Fox pushed the door closed and walked over to a stool but, instead of sitting on it, dropped to the tiled floor and sat crossed-legged, looking at the dull, old 1970s linoleum tiles. “This place needs a revamp. It’s depressing as hell.” He looked up. “Even just painting the ceiling a nice fresh white would help. That ceiling is all stained and yellowed.”

“Is it. I’ve never noticed. It probably got yellowed before we got the new fume cupboards. Anyway, I’m too busy getting on with my work to notice such things.” Eddie joined him on the floor. “I have no patience left with you. I’m angry with you, and I want to go home. Now what do you want? You’ve got five minutes of my valuable time.”

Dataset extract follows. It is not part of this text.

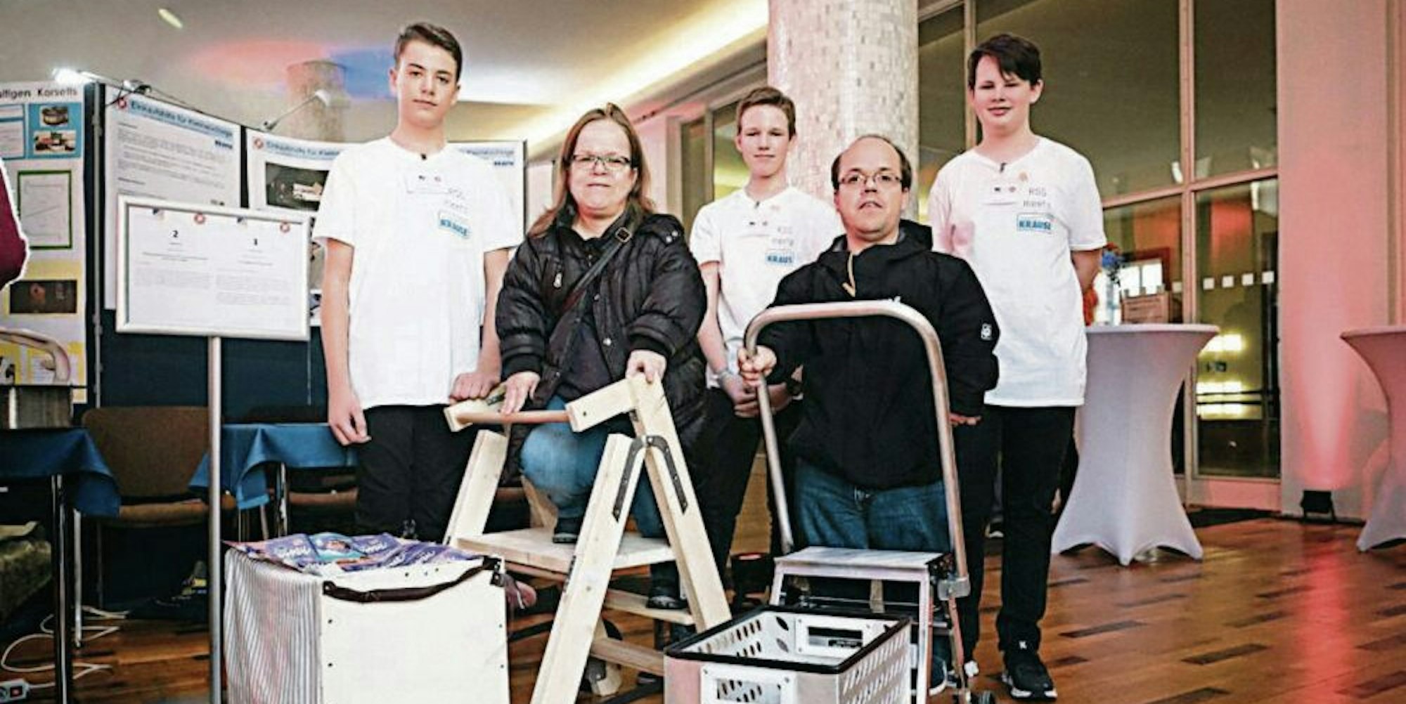Sankt Augustin – Kleine Menschen haben beim Einkaufen oft ein Problem. Sie kommen nicht an die Dinge in den oberen Regalen dran, müssen größere bitten ihnen zu helfen. Dank dreier junger Tüftler des Rhein-Sieg-Gymnasiums in Sankt Augustin ließe sich das Problem mit einem speziellen Einkaufsleiterwagen aus der Welt schaffen. Mit dem Prototyp jedenfalls haben die drei Neuntklässler Felix Möller, Benjamin Scholer (beide 15) und Jonas Mauelshagen (14) am Mittwoch den Landeswettbewerb „Jugend forscht“im Fach „Arbeitswelt“ gewonnen.

“You can be a right fucking prick when you want to, can’t you?” Fox knew that when he went home, Eddie would just do more work. “Is there a Pot Noodle at home that’s just screaming your name?”

Eddie’s brow furrowed. “Why do you talk in riddles? Pot Noodles don’t scream. They hiss a little sometimes when you add the boiling water.”

Meeting his gaze, Fox smiled. “You’re so weird.”
That’s what I love about you.

Raising an eyebrow, Eddie tapped his fingertips on his knees. “Sorry. Can’t help it. Now what did you come here for?”

Though he would much rather bend over the workbench and let Eddie fuck him, Fox got down to business. “You changed the compound. You realized it would kill people, so you changed it to make it safe.”